Warenhauskette
Insolvenzverfahren gegen Hertie eröffnet

Es hatte sich in der vergangenen Woche schon angedeutet, nun ist es traurige Gewissheit: Hertie ist pleite. Das Amtsgericht Essen hat das Insolvenzverfahren für die wirtschaftlich angeschlagene Warenhauskette eröffnet. Das könnte schlimme Folgen für die Mitarbeiter haben, schließlich sind Kündigungen nun einfacher durchzuführen.

HB ESSEN. Das Amtsgericht Essen hat das Insolvenzverfahren für die Warenhauskette Hertie eröffnet. Das bestätigte eine Sprecherin am Montag der Deutschen Presse-Agentur dpa. Einzelheiten wurden zunächst nicht bekannt. Ein Hertie-Unternehmenssprecher betonte am Montag, dass das Unternehmen als Ganzes erhalten bleiben solle. Die Verhandlungen mit möglichen Investoren liefen weiter unter Hochdruck. Die angeschlagene Warenhauskette hatte im Juli vergangenen Jahres Insolvenzantrag gestellt.

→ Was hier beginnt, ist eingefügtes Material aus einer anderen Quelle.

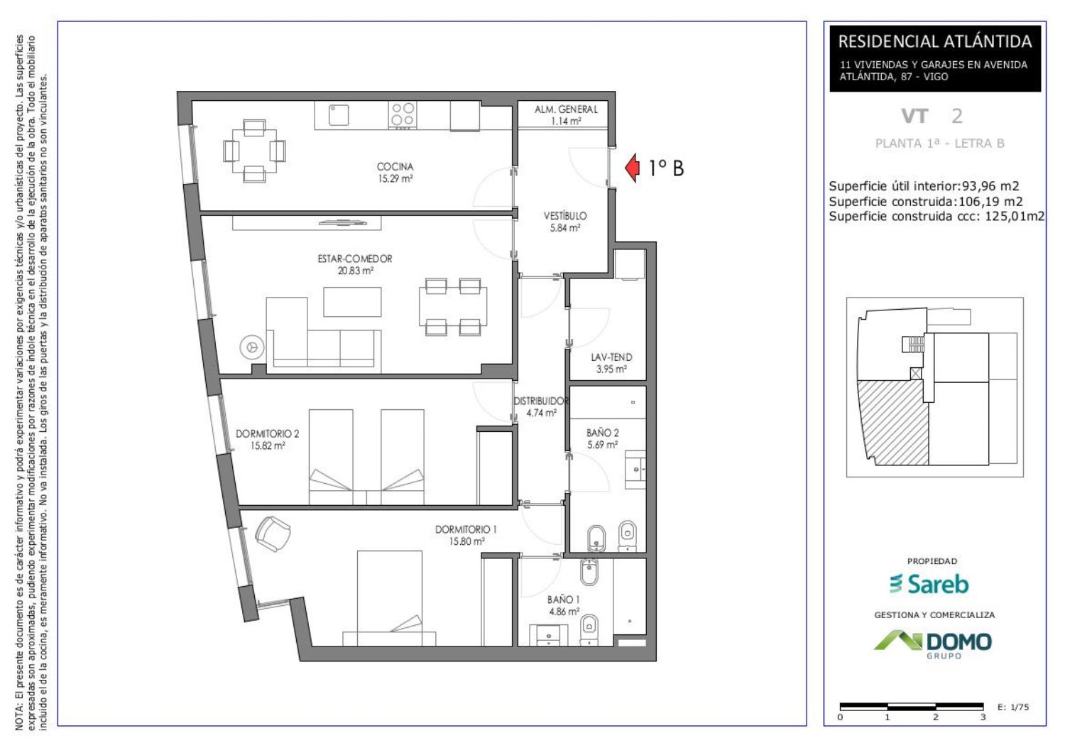 Promoción de 11 viviendas en altura situada en la Avda. Atlántida 87, zona residencial de Vigo. Se trata de 5 pisos de un dormitorio (2 de ellos tipo estudio) y 6 de dos dormitorios, a los que se suman 29 plazas de garaje y 11 trasteros. Las plazas de garaje vinculadas a las viviendas son 17, de modo que el resto se comercializan de manera independiente. Algunas de las viviendas cuentan con terraza. Los inmuebles se distribuyen en un único bloque, con planta baja, 1ª, 2ª y bajocubierta. Los trasteros y aparcamientos se sitúan en plantas baja, semisótano y sótano. En urbanización cerrada con zonas comunes ajardinadas, área de juegos, piscina y pista de pádel. Se trata de un edificio cuyas obras de construcción está previsto que se reanuden próximamente y su finalización se espera para otoño de 2023.Las 11 viviendas incorporan una plaza de garaje vinculada con un precio adicional de entre 15.400 € y 18.200 € + IVA y también un trastero por un precio adicional de entre 3.500 € y 3.900 € + IVA.La promoción se ubica en la parroquia de Alcabre, a 5 km al oeste del centro de Vigo. Se trata de una zona residencial muy tranquila cuyo punto fuerte es la proximidad a la zona de playas, en las afueras de Vigo y con acceso directo a las principales vías de comunicación por carretera con el resto de la comarca y centro de Vigo. Con todo tipo de servicios alrededor, tiene acceso directo al caso urbano por la Avenida Atlántida y líneas de autobuses que permiten acercarse al centro de forma ágil. Muy próximo se encuentra el Hotel Pazo 5* “Los Escudos”. Hay colegios públicos y privados en las proximidades y una zona de ocio con múltiples restaurantes que abarca desde la promoción hasta las playas. En cuanto a oferta comercial, a 5 minutos se encuentra el centro comercial Alcampo-Coia y a 10 minutos el Centro Gran Vía, lo mismo que el de A Laxe. Muy próximo también está el Hospital Povisa. El AVE nos acerca a Vigo en muy poco tiempo y en el Real Club Náutico de Vigo, situado a 10 minutos de la promoción, podemos comprar un billete de barco para ir a las playas de Cangas y Moaña, o a las famosas Islas Cíes.Ponte en contacto con nosotros para ampliar información o reservar vivienda.También puedes pinchar en el enlace de nuestra página Web y dejarnos tus datos, para ponernos en contacto contigo.

Nach einem Treffen im nordrhein-westfälischen Wirtschaftsministerium hatten die Beteiligten in der vergangenen Woche angekündigt, zur Rettung der Warenhauskette „schnellstmöglichst“ einen Antrag auf eine Landesbürgschaft stellen zu wollen. Auf dieser Grundlage werde es zu weiteren Gesprächen kommen, hieß es.

Die Warenhauskette hatte zuvor angekündigt, 54 Filialen mit rund 2 800 Mitarbeitern erhalten zu wollen. 19 weitere Häuser wurden in den vergangenen Wochen bereits geschlossen oder sollen in den kommenden Tagen ihre Tore endgültig schließen. In den Gesprächen hatte das Unternehmen vor allem über zu hohe Mieten für die Hertie- Standorte geklagt.

Am Freitag hatte der Insolvenzverwalter Biner Bähr gesagt, dass das Unternehmen mit 54 Warenhäusern komplett erhalten bleiben soll. Bähr reagierte damit auf ein Angebot des Flensburger Unternehmens Hansekontor, das Interesse angemeldet hatte, sieben Hertie-Häuser in in Schleswig-Holstein und Hamburg zu übernehmen. „Wir haben von dieser Idee ebenfalls gehört. Unser Ziel bleibt dessen ungeachtet, Hertie als Ganzes zu übernehmen“, sagte Hertie-Sprecher Wolfgang Weber-Thedy am Freitag in Essen.

„Wir haben unser Interesse angemeldet und Gespräche mit dem Insolvenzverwalter aufgenommen“, sagte Hansekontor-Geschäftsführer Mathias Hundertmark dem „Flensburger Tageblatt“. Zudem liege dem Wirtschaftsministerium in Kiel ein Strategiepapier vor. Schleswig- Holsteins Wirtschaftsminister Werner Marnette (CDU) sagte, jeder Vorschlag sei willkommen.

Hansekontor will ausschließlich die Häuser in Schleswig-Holstein und Hamburg übernehmen. Er könne sich ein „Hertie-Nord“ vorstellen, sagte Hundertmark. Erstes Ziel des Insolvenzverwalters Biner Bähr sei es jedoch, alle Filialen deutschlandweit an einen Investor zu verkaufen. „Unsere Chancen sehen wir dennoch als gut an“, sagte Hundertmark.

Bei den Gesprächen zur Zukunft der Warenhauskette rechnet Insolvenzverwalter Biner Bähr Anfang März mit einem Ergebnis. „Wir arbeiten sehr intensiv an einer Lösung“, sagte Unternehmenssprecher Weber-Thedy. Noch vor einem Monat hatte der Insolvenzverwalter in Aussicht gestellt, das Unternehmen schließen, falls bis Ende Februar keine Lösung gefunden worden sei.

Nach Gesprächen im nordrhein-westfälischen Wirtschaftsministerium hatten die Beteiligten am Mittwoch dieser Woche angekündigt, dass eine nicht genannte Investorengruppe „schnellstmöglichst“ eine Landesbürgschaft beantragen wolle. Auf dieser Grundlage werde es zu weiteren Gesprächen kommen, hieß es. Zu Einzelheiten wollte der Hertie-Sprecher am Freitag keine Stellung nehmen.